## RAW DATA
== == ==
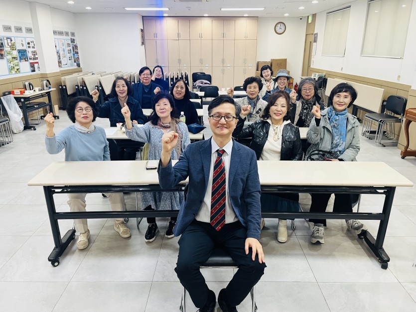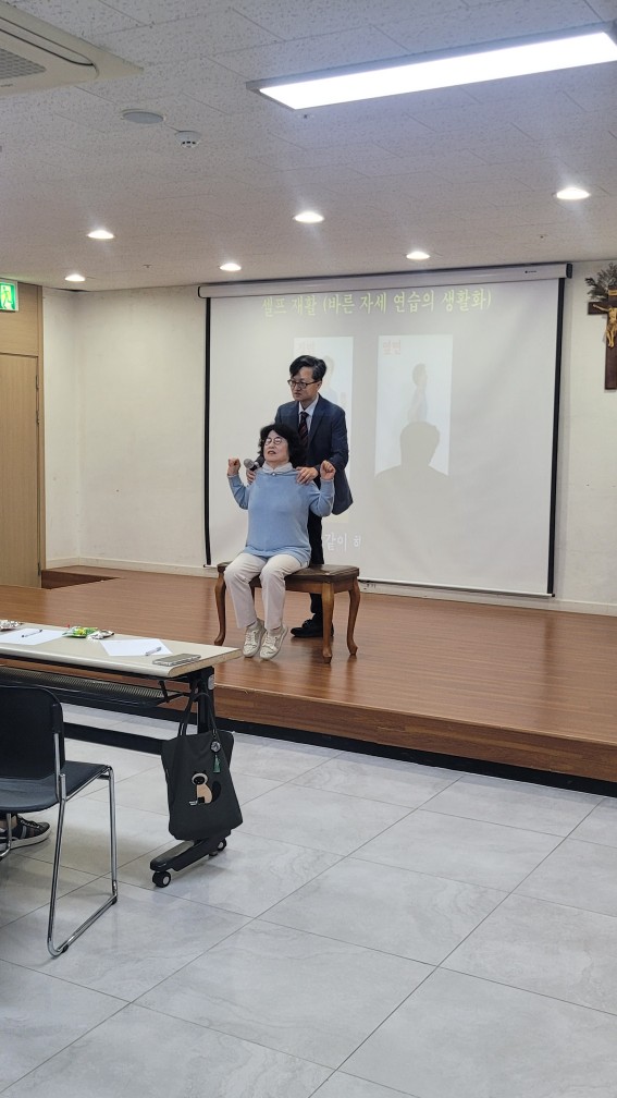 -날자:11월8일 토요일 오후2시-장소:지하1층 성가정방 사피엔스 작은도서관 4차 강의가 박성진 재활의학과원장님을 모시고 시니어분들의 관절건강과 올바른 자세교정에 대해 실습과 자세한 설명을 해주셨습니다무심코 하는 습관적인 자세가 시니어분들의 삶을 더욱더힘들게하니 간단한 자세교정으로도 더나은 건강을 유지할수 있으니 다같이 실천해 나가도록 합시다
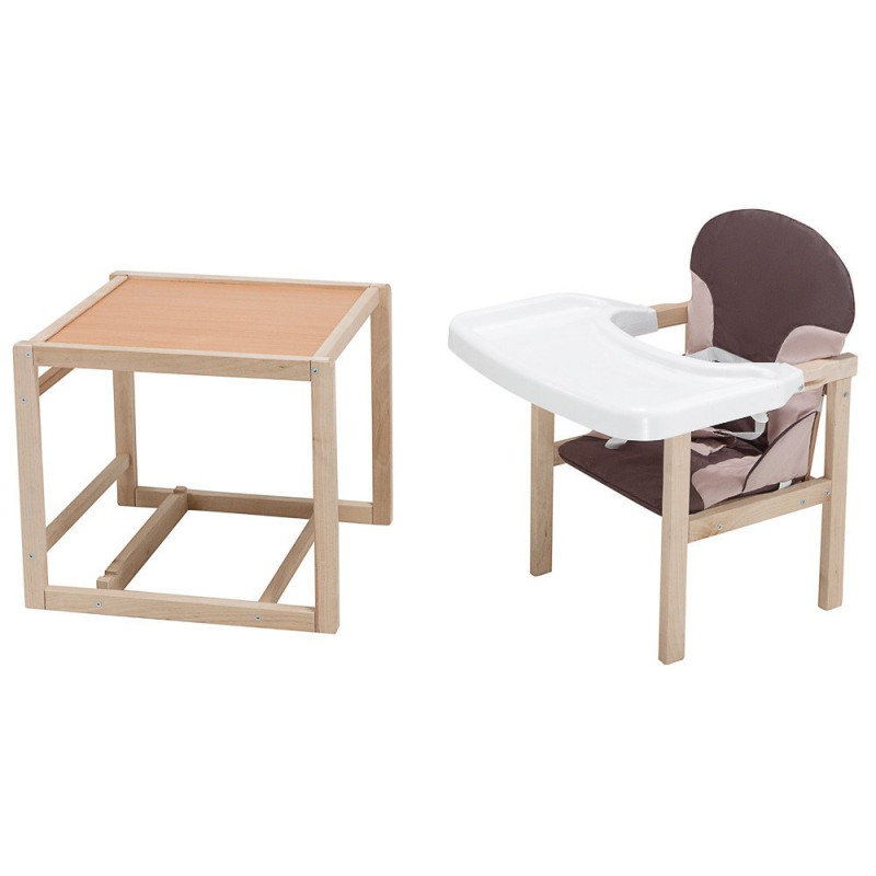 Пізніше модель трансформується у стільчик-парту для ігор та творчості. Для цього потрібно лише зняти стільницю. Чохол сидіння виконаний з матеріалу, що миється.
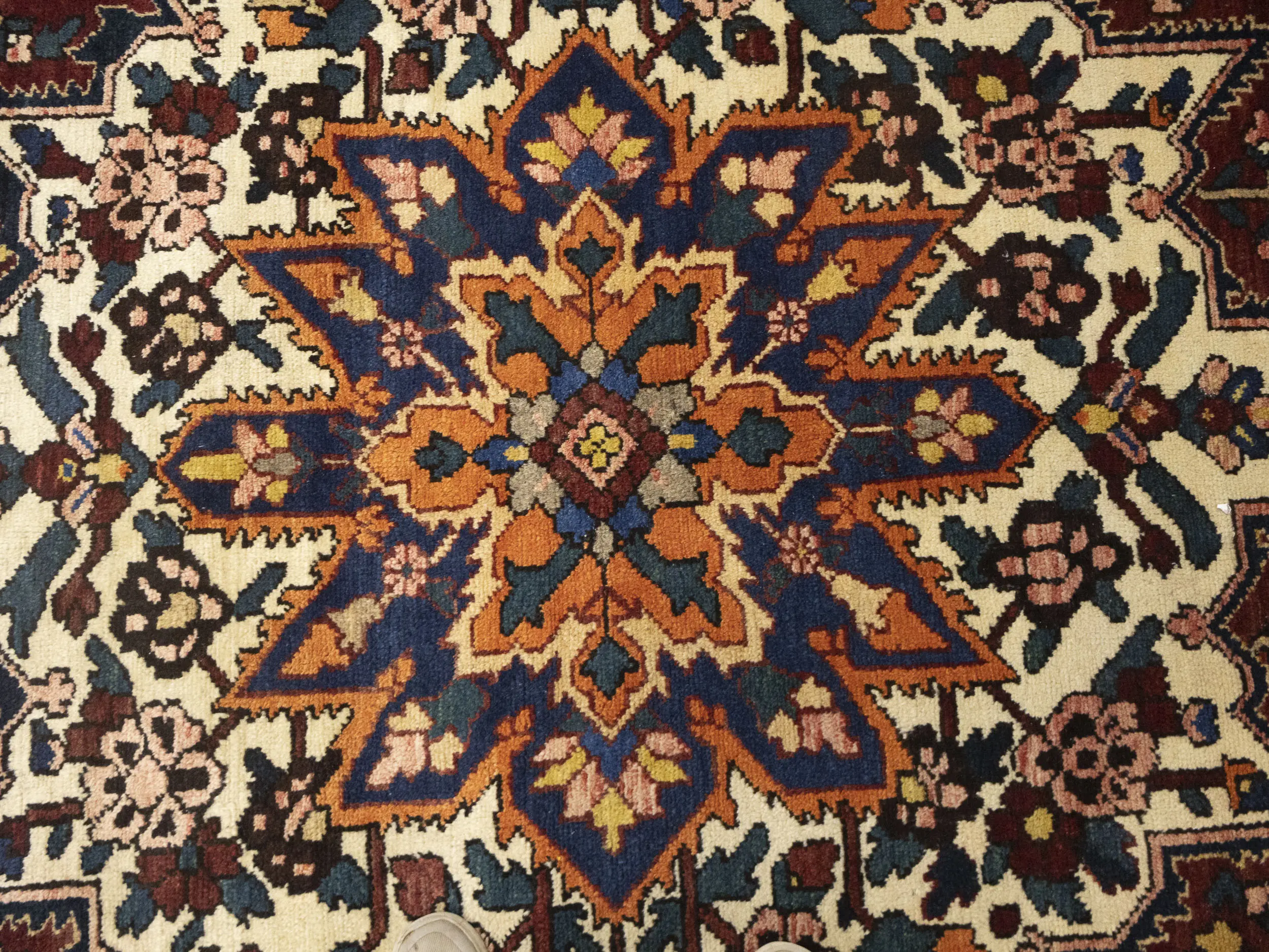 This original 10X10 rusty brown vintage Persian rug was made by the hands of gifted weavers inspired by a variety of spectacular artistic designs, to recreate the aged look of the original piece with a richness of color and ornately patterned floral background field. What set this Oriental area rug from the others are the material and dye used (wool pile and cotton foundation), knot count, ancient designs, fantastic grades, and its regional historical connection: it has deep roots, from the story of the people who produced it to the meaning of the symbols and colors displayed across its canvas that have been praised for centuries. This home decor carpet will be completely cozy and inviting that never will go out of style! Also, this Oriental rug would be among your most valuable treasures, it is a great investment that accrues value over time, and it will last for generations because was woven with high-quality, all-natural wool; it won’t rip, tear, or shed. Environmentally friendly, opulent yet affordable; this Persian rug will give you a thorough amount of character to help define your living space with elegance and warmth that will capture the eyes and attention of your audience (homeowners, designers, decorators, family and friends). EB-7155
== == ==
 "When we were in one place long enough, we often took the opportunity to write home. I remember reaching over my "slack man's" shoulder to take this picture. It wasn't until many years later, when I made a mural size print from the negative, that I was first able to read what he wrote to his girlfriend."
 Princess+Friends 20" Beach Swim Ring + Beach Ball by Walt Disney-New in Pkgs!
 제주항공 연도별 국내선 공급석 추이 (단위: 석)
== == ==
## TASK REQUIREMENTS
Beginning with the line above that contains "-날자:11월8일 토요일 오후2시-장소:지하1층" and ending with the line that contains "Пізніше модель трансформується", quote each line exactly, keeping out the pictures.

## RESULT OF THE EXERCISE
 -날자:11월8일 토요일 오후2시-장소:지하1층 성가정방 사피엔스 작은도서관 4차 강의가 박성진 재활의학과원장님을 모시고 시니어분들의 관절건강과 올바른 자세교정에 대해 실습과 자세한 설명을 해주셨습니다무심코 하는 습관적인 자세가 시니어분들의 삶을 더욱더힘들게하니 간단한 자세교정으로도 더나은 건강을 유지할수 있으니 다같이 실천해 나가도록 합시다
 Пізніше модель трансформується у стільчик-парту для ігор та творчості. Для цього потрібно лише зняти стільницю. Чохол сидіння виконаний з матеріалу, що миється.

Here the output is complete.